- Opening Delimiter -
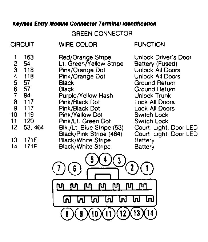 2. With Brown connector disconnected, check for short between malfunctioning button and pin No. 12 in Brown connector. Refer to KEYLESS ENTRY MODULE CONNECTOR TERMINAL IDENTIFICATION in the figure. See Figure . If no short is found, go to step 4). If short is found, replace keypad and repeat QUICK TEST  .
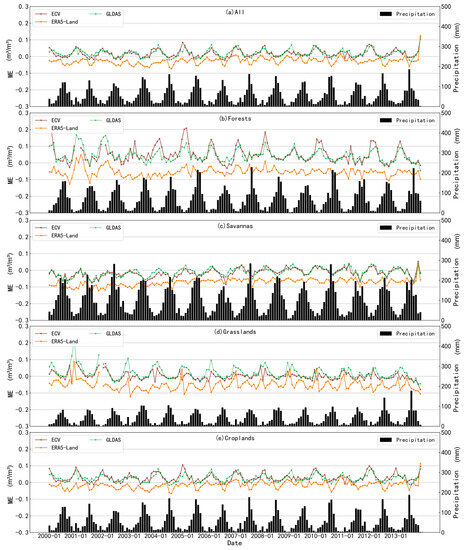 Time series of ME of three SM products and precipitation data on different land cover types: (a) all; (b) forests; (c) savannas; (d) grasslands and (e) croplands.
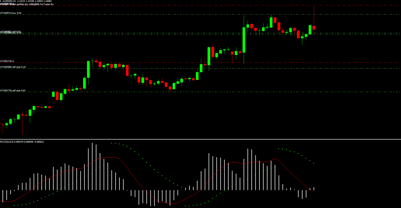 The indicator operates by plotting lime-colored SAR dots over the MACD histogram within a separate window in MetaTrader 4. These dots represent points where the trend may reverse, based on the relationship between the MACD histogram and the SAR values.
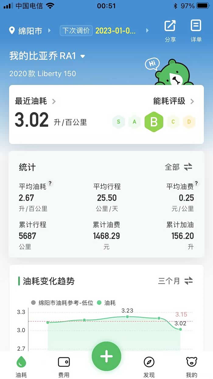 车子表上到1000公里二次保养后就随意骑了。没有刻意省着。跑长途一定要全合成机油,不要省。
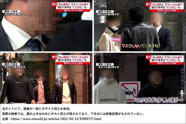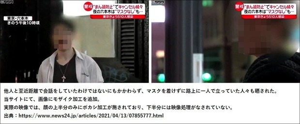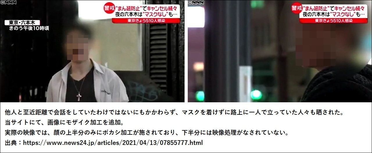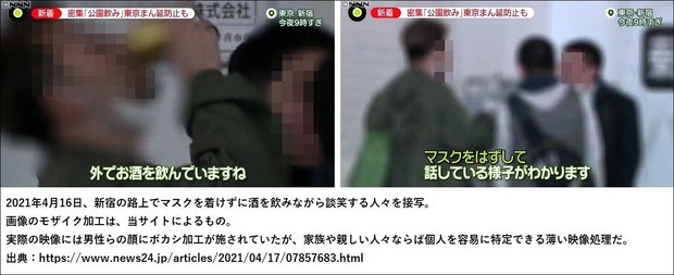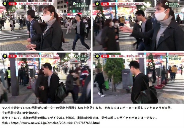 なお、日テレは4月16日にも、公園内で密集して酒を飲む人々や、都内の路上の様子を撮影した。その際、マスクを着けていない通行人をカメラが追いかけたが、その人物の顔にボカシ加工は一切なかった。
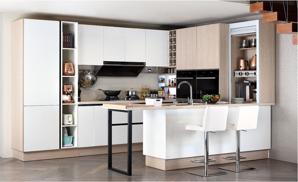 乐于入厨的生活总是充满阳光,可大大小小的家电、烹调工具数不胜数。即使只是一个小小的方正空间,强大超能的小U形布局与五大系统的合理设计也能给你一个想不到的解决方案。白色与木色的搭配清活悦目,马上开始在厨房大展身手吧。
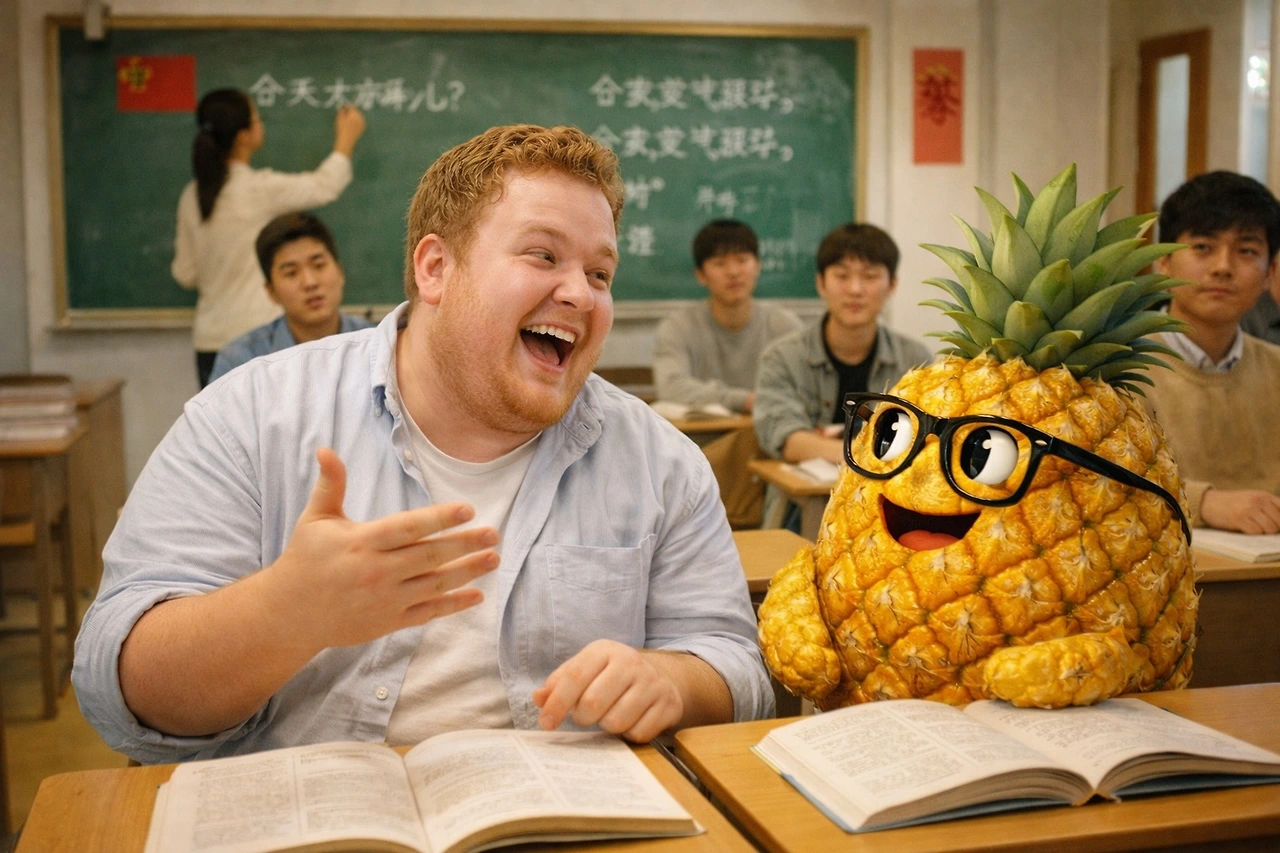 “오우, 파인애플! 여기서 무슨 일이야?”
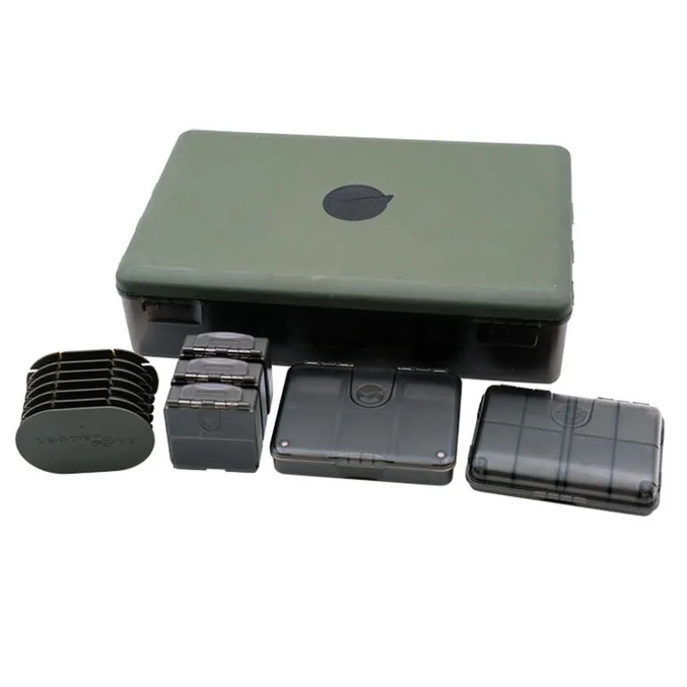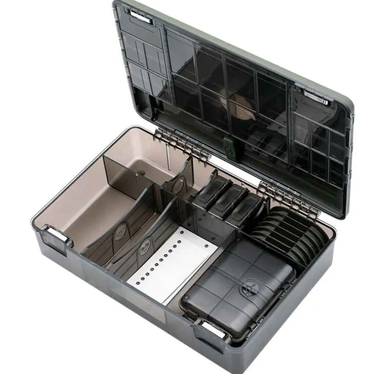 Cette boite de rangement Korda dispose de nombreux emplacements afin de pouvoir accueillir vos filaments, hameçons de la gamme Korda. Equipée de petits emplacements avec couvercle, vous pourrez alors entreposer tous vos accessoires tels que vos émerillons, anneaux, sinkers, stop bouillettes, etc… De plus, vous pourrez venir y loger les 2 petites boites 4 & 8 cases ainsi que le disque Leader Safe afin d’organiser encore plus cette boite et d’y stocker plus d’accessoires.
- Closing Delimiter -
Skip all pictures. Then give again, exactly, each line from the line holding "파인애플! 여기서 무슨" through the last line of the listing above, both ends included.

RESULT OF THIS TASK:
 “오우, 파인애플! 여기서 무슨 일이야?”
 Cette boite de rangement Korda dispose de nombreux emplacements afin de pouvoir accueillir vos filaments, hameçons de la gamme Korda. Equipée de petits emplacements avec couvercle, vous pourrez alors entreposer tous vos accessoires tels que vos émerillons, anneaux, sinkers, stop bouillettes, etc… De plus, vous pourrez venir y loger les 2 petites boites 4 & 8 cases ainsi que le disque Leader Safe afin d’organiser encore plus cette boite et d’y stocker plus d’accessoires.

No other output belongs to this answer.